Background: To deal with SARS-CoV-2 variants, the development of various vaccines and anti-viral drugs requires proper models for reliable evaluation. However, so far there is no in vivo model to study the infection of virus into human lung tissue.
Aim: We aim to generate humanized mouse lung model by intra-pulmonary transplantation of human P63+ lung progenitor cells and then test whether the SARS-CoV-2 could infect the lung.
Methods: Human P63+ lung progenitor cells, isolated from healthy donors or patients, were intratracheally transplanted into the pre-conditioned mouse lung, which were then infected with SARS-CoV-2 pseudo or authentic virus.

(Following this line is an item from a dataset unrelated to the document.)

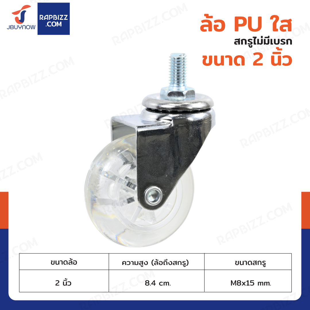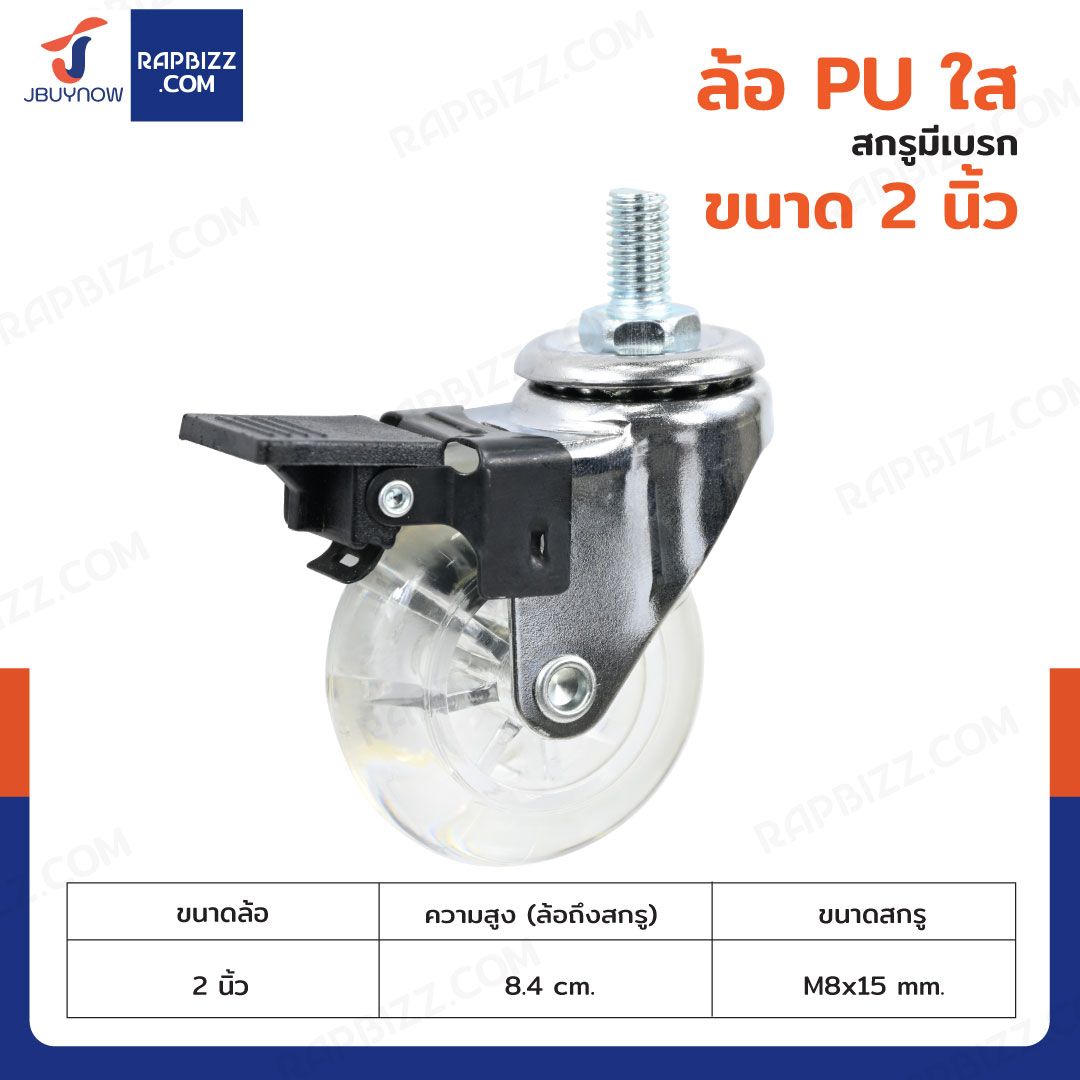 ล้อ PU ใส 2 นิ้ว สกรูมีเบรก M8x15

Results: Transplanted human cells successfully engrafted into mouse lung and reconstituted the human lung epithelium, some of which could give rise to air sac-like structure gradually, maintained the incorporation for more than one month. All cells isolated from either healthy or patient donors, could generate mouse-human chimeric lung. Approximately 5-12 % of human cells expressed physiological level of SARS-CoV-2 receptor ACE2, which was variable between individual persons. After pseudovirus infection, significant infection signal as visualized by the pseudovirus-encoded GFP expression in chimeric lobe. After authentic virus infection, quantitative PCR and immunostaining detected the expression of viral nucleocapsid protein in chimeric lobe.
Conclusion:Although with a relatively low infection efficiency, the humanized mouse lung could indeed be infected by SARS-CoV-2. This conceptional work enables us to study the SARS-Cov-2 infection in lung with physiological level of ACE2 expression in human cells.